[Date Prev][Date Next][Thread Prev][Thread Next][Date Index][Thread Index]

Re: [PATCH 2/2] automation: add a smoke test for xen.efi on X86



On Wed, Oct 02, 2024 at 03:22:59PM -0700, Stefano Stabellini wrote:
> I forgot to reply to one important part below
> 
> 
> On Wed, 2 Oct 2024, Stefano Stabellini wrote:
> > On Wed, 2 Oct 2024, Marek Marczykowski-Górecki wrote:
> > > Check if xen.efi is bootable with an XTF dom0.
> > > 
> > > The TEST_TIMEOUT is set in the script to override project-global value.
> > > Setting it in the gitlab yaml file doesn't work, as it's too low
> > > priority
> > > (https://docs.gitlab.com/ee/ci/variables/#cicd-variable-precedence).
> > > 
> > > The multiboot2+EFI path is tested on hardware tests already.
> > > 
> > > Signed-off-by: Marek Marczykowski-Górecki 
> > > <marmarek@xxxxxxxxxxxxxxxxxxxxxx>
> > > ---
> > > This requires rebuilding debian:bookworm container.
> > > 
> > > The TEST_TIMEOUT issue mentioned above applies to xilix-* jobs too.

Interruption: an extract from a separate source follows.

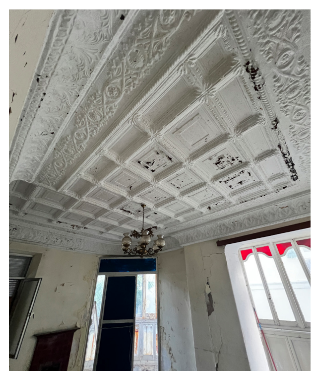
Recording architectural detail

This document will act as a guide for the GHT in its complex undertaking to continue to work in making our heritage the driver of cultural, economic and social improvement.

It's
> > > not clear to me why the default TEST_TIMEOUT is set at the group level
> > > instead of in the yaml file, so I'm not adjusting the other places.
> > 
> > Let me premise that now that we use "expect" all successful tests will
> > terminate as soon as the success condition is met, without waiting for
> > the test timeout to expire.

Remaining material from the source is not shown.